Request an accounting (a list) of certain disclosures of your health information that we make without your authorization. You have the right to receive one accounting free of charge in any twelve-month period.
Request that we restrict how we use and disclose your health information for treatment, payment, and health care operations, or to your family and friends. We are not required to agree to your request, except when you request that we not disclose information to your health plan about services for which you paid with your own money in full.
Obtain a paper copy of this notice upon request.
4. Our Duties
· Amenity Health Services & Amenity ABA Center are required to provide you with notice of our legal duties and our privacy practices with respect to your health information. We must maintain the privacy of information that identifies you and notify you in the event your health information is used or disclosed in a manner that compromises the privacy of your health information.
· Amenity Health Services & Amenity ABA Center are required to abide by the terms of this notice. We reserve the right to change the terms of this notice and to make the revised notice effective for all health information that we maintain. We will post revised notices on our public website at www.dshs.texas.gov and in waiting room areas. You may request a copy of the revised notice at the time of your next visit.
5. Links to Other Websites
Our website may include links to affiliate sites and other external websites. Amenity Health Services and Amenity ABA Center are not responsible for the privacy policies, practices, or procedures of these third-party sites. We encourage users to be vigilant when leaving our website and to review the privacy statements of any site that collects personally identifiable information. Please note that this Privacy Policy Agreement applies exclusively to information collected through our own website.
6. Notification and Complaints
· Amenity Health Services and Amenity ABA Center will notify you immediately if we become aware that an unauthorized person accessed your Personal Health Information.

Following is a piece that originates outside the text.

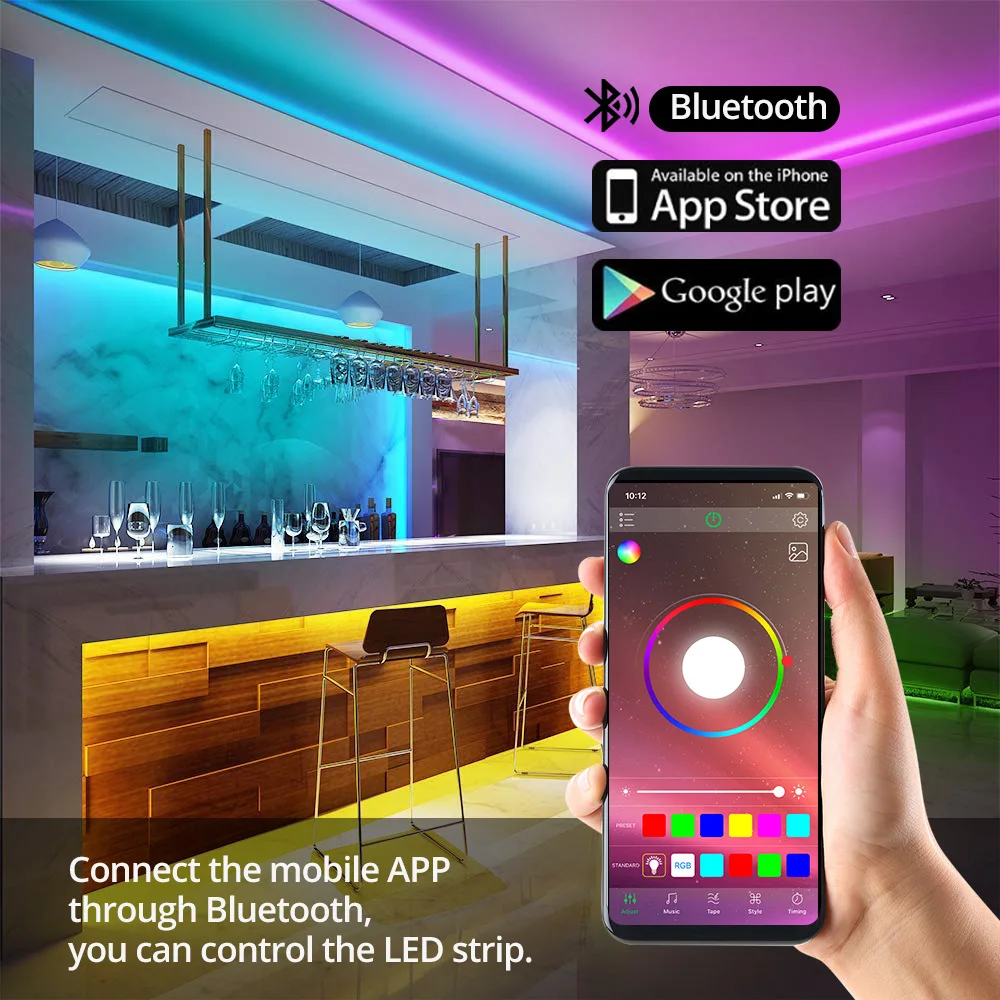 Color Led Lights 10M Smart Bluetooth Color Changeable Strip Light Remote Control Intelligent Voice Light Strip Lighting

· You have the right to complain to the US Department of Health and Human Services if you feel that your rights have been violated. You can reach DSHS at (512)776-7111 or by email at hipaa.privacy@dshs.texas.gov
7. Changes to the Privacy Policy
We reserve the right to update our Privacy Policy. Any changes will be posted on this page, and the effective date will be updated accordingly.
8. Acceptance of Terms
By using this website, you are hereby accepting the terms and conditions stipulated within the Privacy Policy Agreement. If you are not in agreement with our terms and conditions, then you should refrain from further use of this site. In addition, your continued use of our website following the posting of any updates or changes to our terms and conditions shall mean that you agree to and accept such changes. We encourage you to periodically review this policy to stay informed about how we are protecting your information.